> [Your instructions]: A picture-free, exact reproduction of the listing that follows is required.

-- Collected data follows --

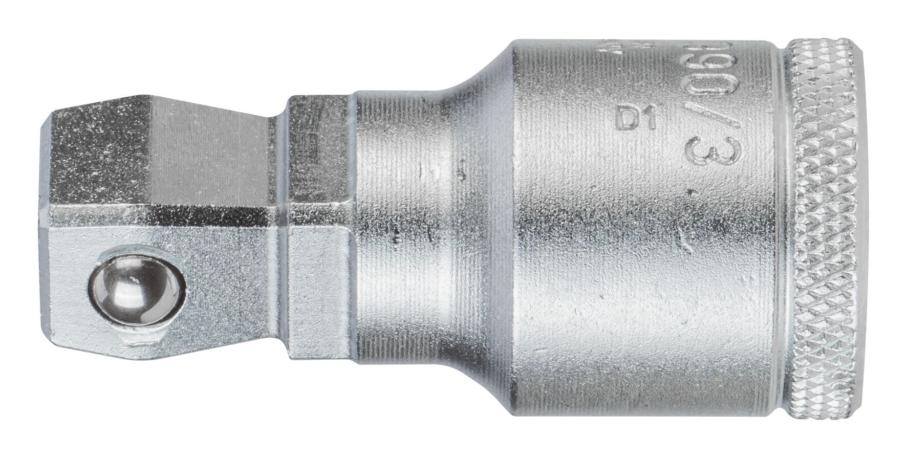 S guľovou hlavou, Pre ručne otáčané nástrčné kľúče so štvorkolíkovým zámkom podľa DIN 3120, ISO 1174, s guľovým zaisťovačom, Predĺženie umožňuje otáčanie do 18°, Maximálna nosnosť 230 Nm, Oceľ vanádiová 31CrV3, brúsená, chrómaná
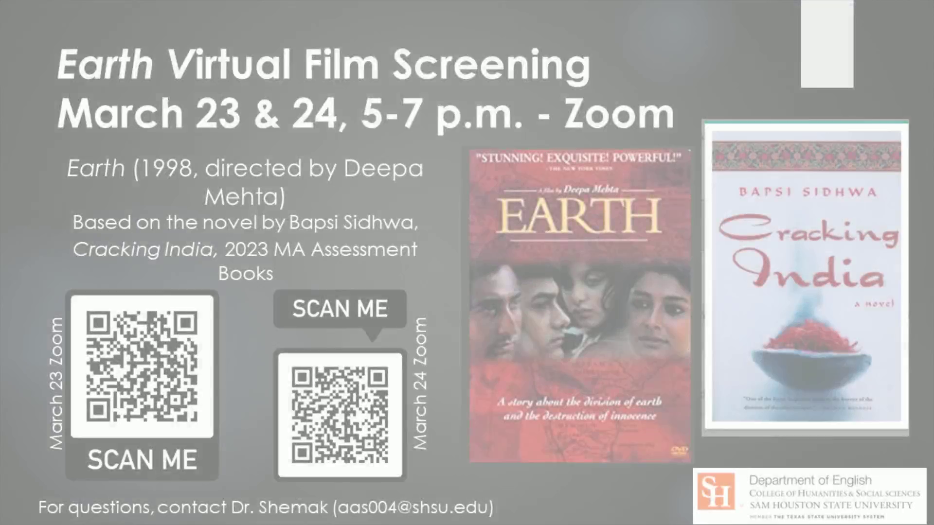 [Audio] Welcome to this virtual screening of the film Earth. I have a brief introduction to the film that I will show you now before we watch the film. As you know Earth is based on Bapsi Sidhwa's novel Cracking India. Earth is the second film in Deepa Mehta's "elements" trilogy. The first film was "Fire" and was banned in India because the lesbian relationship plotline. The third film in the trilogy is Water about the treatment of widows in India. The connecting theme in the trilogy is the impact of gender and sexuality on the lives of characters..
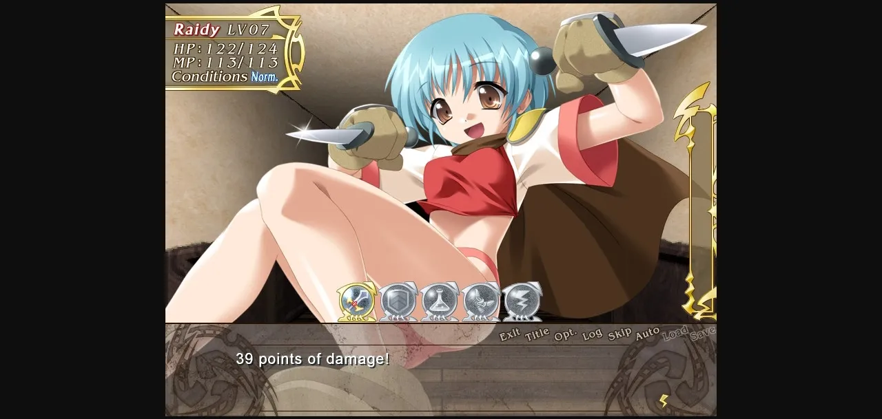 "Ugh… desert travel is terrible on the skin, let me tell you! Why did I ever choose to come this way… If I don’t find water soon it’s going to be troublesome. Wait, what’s that in the distance – an oasis?! And a town next to it! Civilization at last…" I am Raidy, wandering the continent of Else as a swordfighter. I can freely bend the power of thunder to my will, so people have taken to calling me the "Lightning Warrior". I’m traveling far and wide to improve my fighting skills and search for clues about my past, and my mysterious power over lightning. After defeating the monsters in the Cubust tower in my last adventure, I left the village of Sadd behind and continued on my journey. My travels have taken me across the desert to the oasis town of Lake Blue. Looking forward to a break after the long and dusty journey, I settled in for the night at the local inn… only to have its peace shattered by the cries of the young, beautiful innkeeper! I rescued her from her mysterious assailant, to learn that the town was living under constant fear of attack from a gang of marauding bandits led by a cruel woman called Jammy. It seems my vacation won’t be so uneventful after all! I set out to find information on the gang’s hideout, and a new adventure begins…
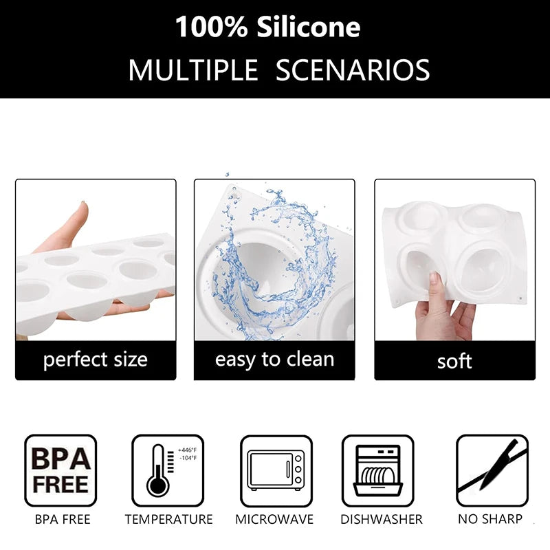 Diese hochwertige Silikonform ermöglicht das Backen und Formen von kugelförmigen Mousse Kuchen, Schokoladendesserts, Trüffeln und anderem Gebäck. Die flexible und hitzebeständige Form ist einfach zu reinigen und vielseitig einsetzbar.

-- Collected data concluded --

> [Written solution]:
 S guľovou hlavou, Pre ručne otáčané nástrčné kľúče so štvorkolíkovým zámkom podľa DIN 3120, ISO 1174, s guľovým zaisťovačom, Predĺženie umožňuje otáčanie do 18°, Maximálna nosnosť 230 Nm, Oceľ vanádiová 31CrV3, brúsená, chrómaná
 [Audio] Welcome to this virtual screening of the film Earth. I have a brief introduction to the film that I will show you now before we watch the film. As you know Earth is based on Bapsi Sidhwa's novel Cracking India. Earth is the second film in Deepa Mehta's "elements" trilogy. The first film was "Fire" and was banned in India because the lesbian relationship plotline. The third film in the trilogy is Water about the treatment of widows in India. The connecting theme in the trilogy is the impact of gender and sexuality on the lives of characters..
 "Ugh… desert travel is terrible on the skin, let me tell you! Why did I ever choose to come this way… If I don’t find water soon it’s going to be troublesome. Wait, what’s that in the distance – an oasis?! And a town next to it! Civilization at last…" I am Raidy, wandering the continent of Else as a swordfighter. I can freely bend the power of thunder to my will, so people have taken to calling me the "Lightning Warrior". I’m traveling far and wide to improve my fighting skills and search for clues about my past, and my mysterious power over lightning. After defeating the monsters in the Cubust tower in my last adventure, I left the village of Sadd behind and continued on my journey. My travels have taken me across the desert to the oasis town of Lake Blue. Looking forward to a break after the long and dusty journey, I settled in for the night at the local inn… only to have its peace shattered by the cries of the young, beautiful innkeeper! I rescued her from her mysterious assailant, to learn that the town was living under constant fear of attack from a gang of marauding bandits led by a cruel woman called Jammy. It seems my vacation won’t be so uneventful after all! I set out to find information on the gang’s hideout, and a new adventure begins…
 Diese hochwertige Silikonform ermöglicht das Backen und Formen von kugelförmigen Mousse Kuchen, Schokoladendesserts, Trüffeln und anderem Gebäck. Die flexible und hitzebeständige Form ist einfach zu reinigen und vielseitig einsetzbar.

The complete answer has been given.